Justus Möser entered the regency at a moment when war had brought Osnabrück's economy near collapse. Forced requisitions by the occupying armies had sorely depleted the population of draught and domestic animals. The production of flax and the number of grazing sheep had fallen dramatically. The cottage linen and woolens industry was severely depressed by the lack of raw materials – bleaching agents, wool, flax – and of capital and entrepreneurial skills. Rural indebtedness had increased sharply, since warfare and occupation had made it impossible for most of the rural population to pay rents, taxes, and personal duties. Finally, the administration of the bishopric and the Estates of the Osnabrück Diet were also deeply in debt from forced loans, actually ransoms, paid to each of the occupying armies.

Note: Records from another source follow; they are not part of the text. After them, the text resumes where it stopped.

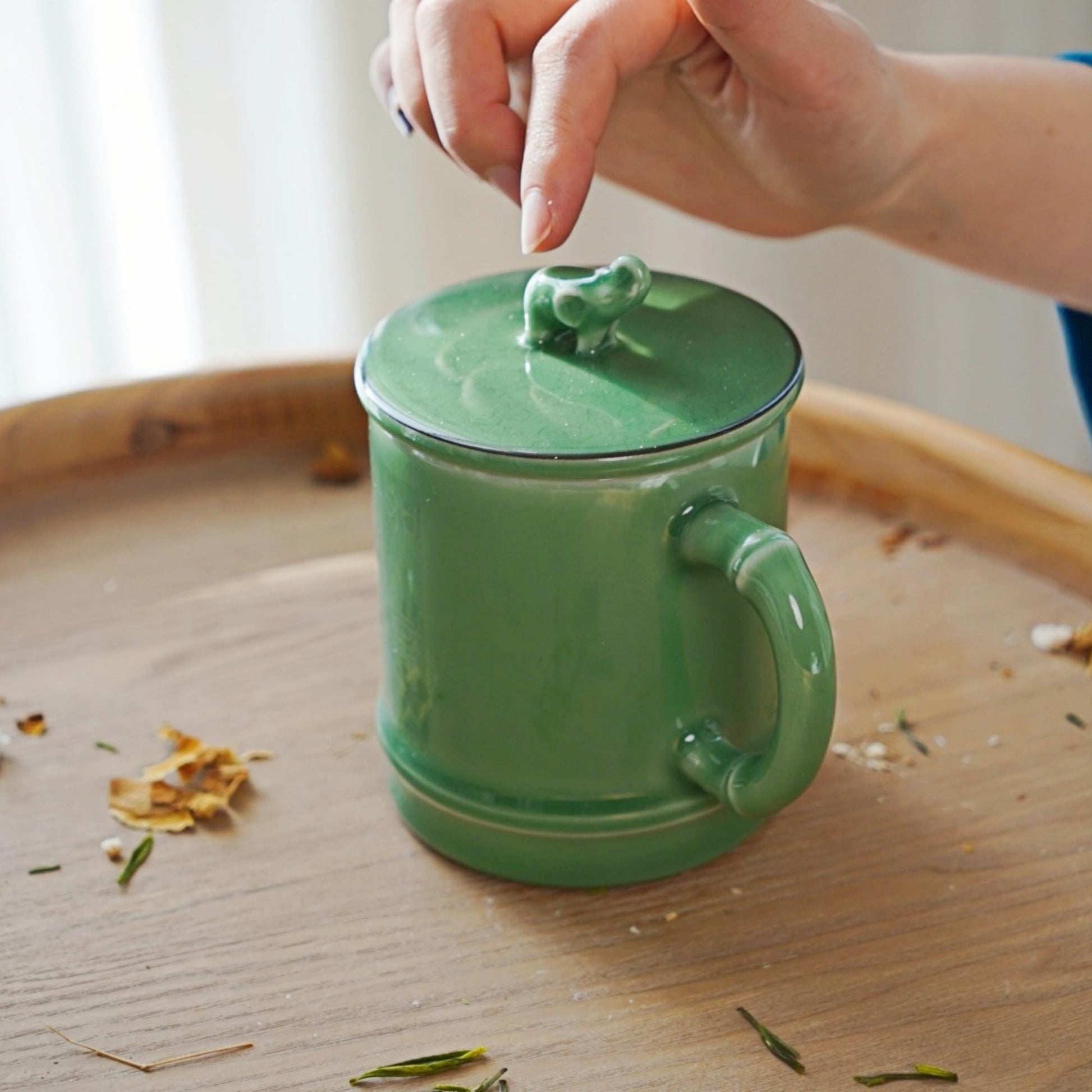 Elephant Lid Celadon Mug with Handle – 13oz Longquan Celadon Tea Mug | Handmade Chinese Ceramic Coffee Cup | Minimalist Wabi Sabi Drinkware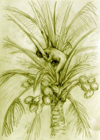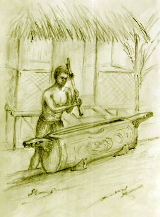6. Just recently he'd help select A tree most suited in this respect. In the shade, he watched a craftsman hew At the log, as he fashioned a fine canoe. Tokani marvelled at his skill Shaping the hull to its builder's will. He was content to watch and patiently wait The canoe would be his to initiate. Around Tokani, village children played While palm trees over their playground swayed. By these gracefull palms, providing shade The agile children usually stayed. They could scurry up to the dizzy top To pluck the coconuts and let them drop. From the green nuts, that sometimes burst They drank the milk, to quench their thirst And the mature nuts, they had learned to husk Satisfied their hunger, until dusk. |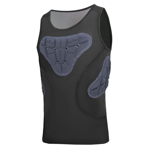 Welcome, Your Great Enjoyment for Living WellDescription: – 【Ergonomic Design】: Men padded chest rib protector vest, 3D sponge bumpers effectively absorb impact, protecting your chest, ribs, and spine during exercise – 【High Stretch 】: Mens baseball chest protector made from quality, flexible , it allows for smooth movement and offers the resilience to withstand repeated impacts during football, rugby, or basketball – 【Comfortable】: The football padded shirt compression vest elastic U shaped neckline is comfortable and comfortable to wear without being constricting. The ergonomic, three dimensional cut contours the body without bulk or slipping, making it lightweight and easy to move – 【Breathable and Quick Drying】: The three dimensional, mesh design on both sides of the waist wicks moisture, allowing for quick drying and pilling, keeping you cool during exercise – 【Versatile】: Compression padded vest is suitable for a variety of sports, including basketball, American football, rugby, hockey, baseball, and skateboardingSpecification: – Material: High StretchSize Chart:S: Front Length 61cm/24.02inch, Chest 73cm/28.74inch, Neckline 19cm/7.48inch, Height 165cm-170cm/64.96inch-66.93inch, Weight 110-115kgM: Front Length 63cm/24.8inch, Chest 78cm/30.71inch, Neckline 19.5cm/7.68inch, Height 170cm-175cm/66.93inch-68.90inch, Weight 115-130kgL: Front Length 65cm/25.59inch, Chest 83cm/32.68inch, Neckline 20cm/7.87inch, Height 175cm-180cm/68.90inch-70.87inch, Weight 145-160kgXL: Front Length 67cm/26.38inch, Chest 88cm/34.65inch, Neckline 20.5cm/8.07inch, Height 180cm-185cm/70.87inch-72.83inch, Weight 160-170kg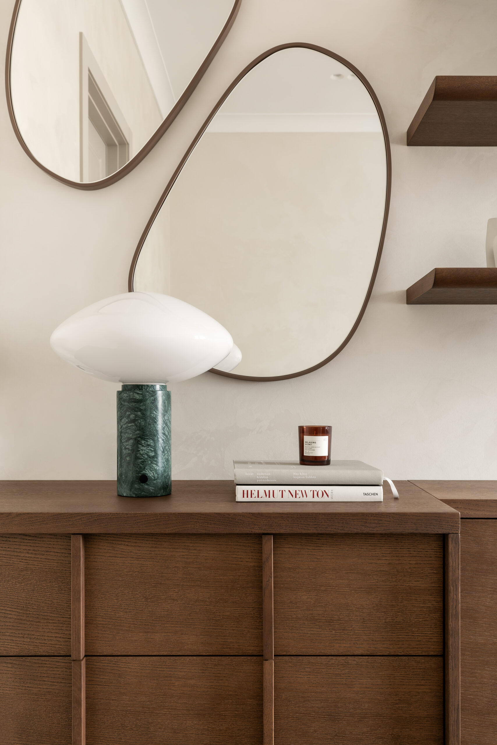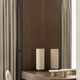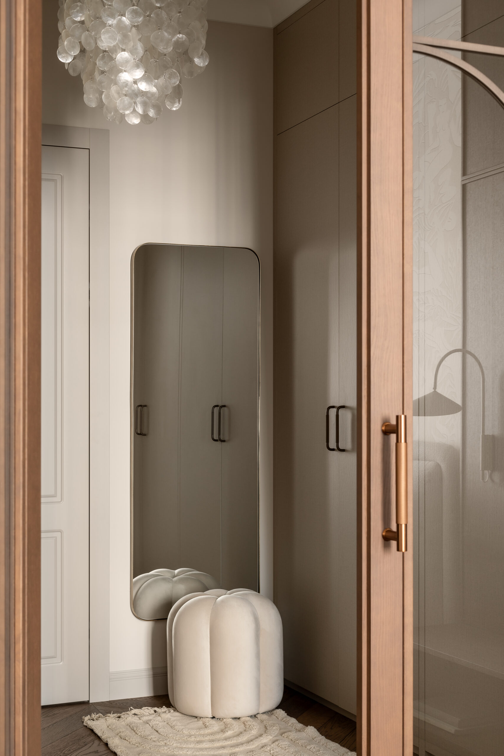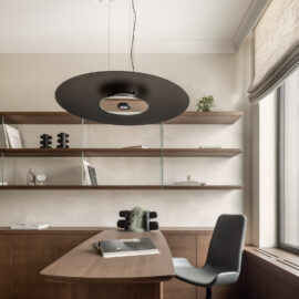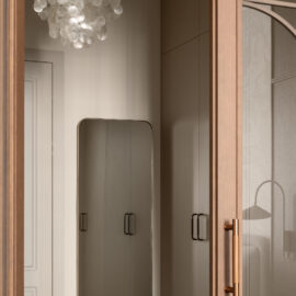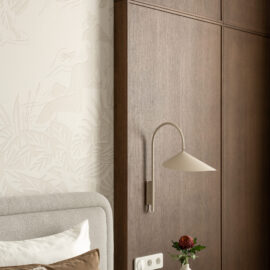 Світло в цьому проєкті – не просто функція, а інструмент атмосфери. Інтер’єр доповнюють світильники іконічних брендів: Fun від Verpan (люстра з перламутром в гардеробній), Lampe de Marseille за дизайном Ле Корбюзьє (бра в кабінеті), Levante від Luceplan (люстра в вітальні), а також предмети скандинавських марок Ferm Living (бра в спальні), Audo (настольні лампи) та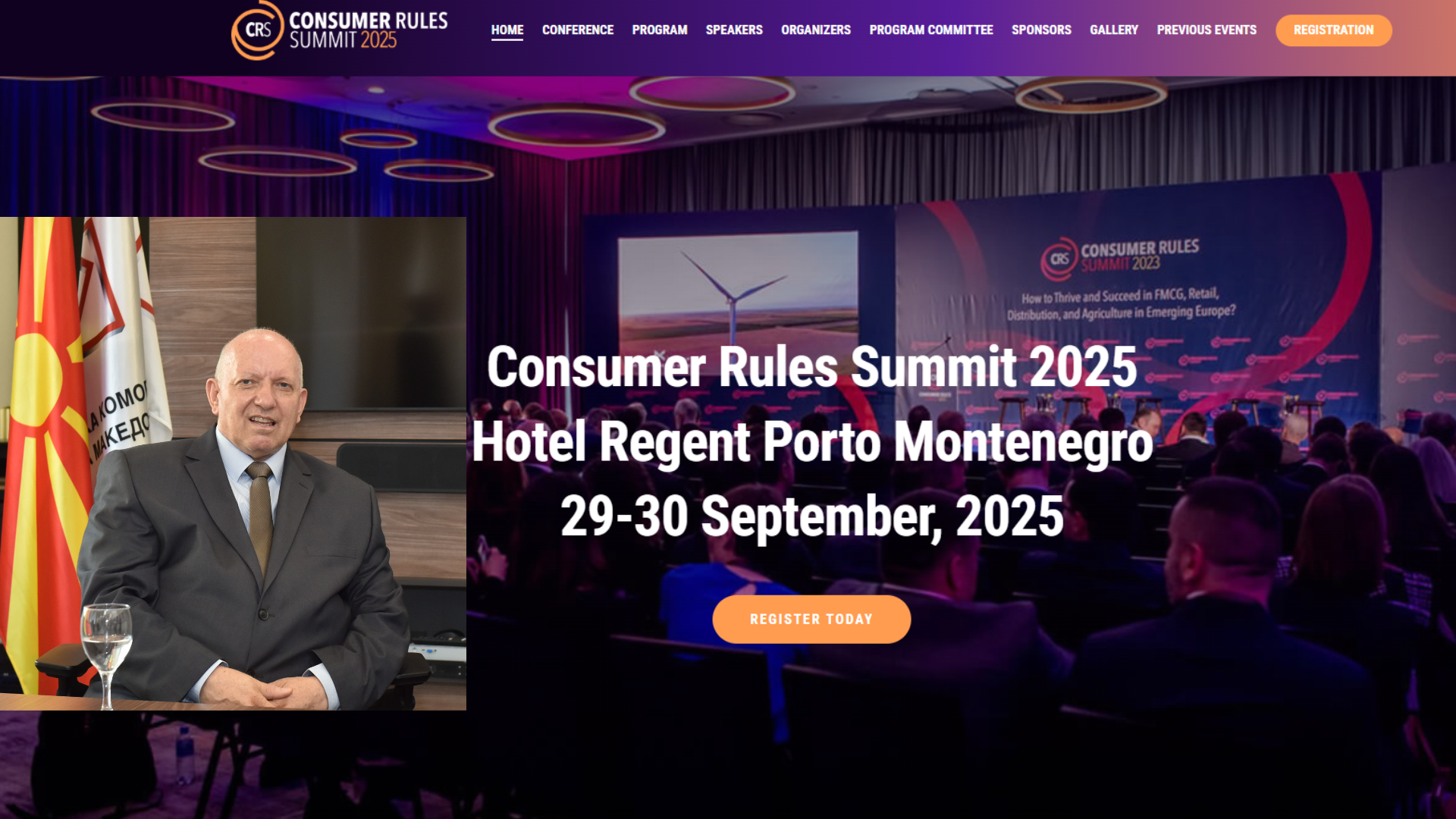 Самитот за правила на потрошувачите кој се одржува по трет пат, е единствена платформа за потикнување лидерство и соработка меѓу бизнисите. Тој промовира размена на идеи од реалниот свет и успешни приказни меѓу врвните бизнис лидери, инвеститори, регулатори и иноватори, за да поттикне значајна соработка и иновации. CRS 2025 собира повеќе од 30 говорници и над 150 учесници, вклучувајќи менаџери од C-ниво од водечки компании во Централна и Југоисточна Европа, како и од ЕУ, Турција, Блискиот Исток и Африка.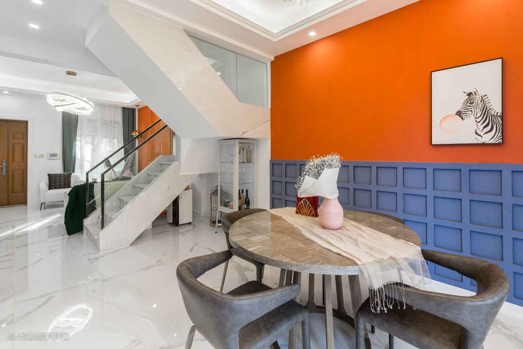 餐厅上半部分仍然采用橘色背景墙,下半部分采用田字饰面板,凹凸状,很有质感。 木纹石板餐桌,简单雅致。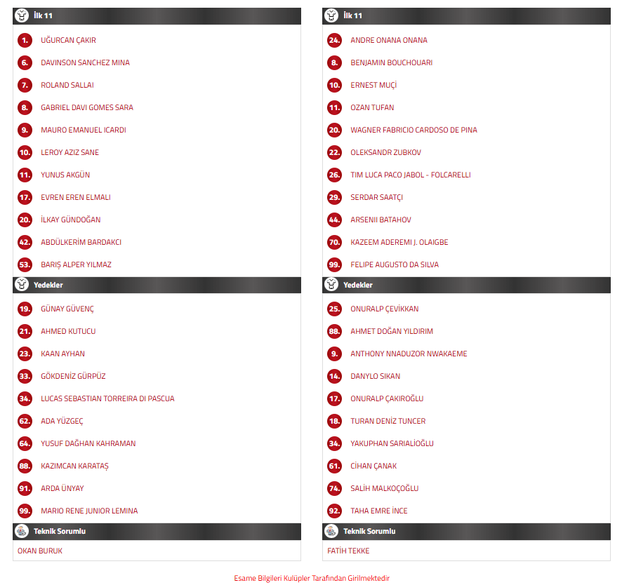 Yarı Final maçının başlamasına bir saat kala her iki takımın da ilk 11’leri belli oldu. İşte Galatasaray – Trabzonspor maçı ilk 11’leri:

Collapse was the incentive to reform, and Möser played a central part in the reform effort. His preeminence derived from his superior intellectual gifts, which placed him above the other figures within the administration; from the power exercised through his many offices; and from the special constitutional situation of the regency, during which he acted as the pivotal mediator between the Estates and the Hanoverian government. As we have already noted, he served as syndic and secretary to the Ritterschaft, arranging its agenda and preparing its policy recommendations. As chief administrator and consultant to the London chancellery, he was able to force compromises on the two resident privy councillors, since he cast the deciding vote in deadlocked situations. In addition, he formulated the memoranda and legislative drafts that were sent to the German chancellery in London to be transformed into law, and often these drafts were copied verbatim into the final decrees.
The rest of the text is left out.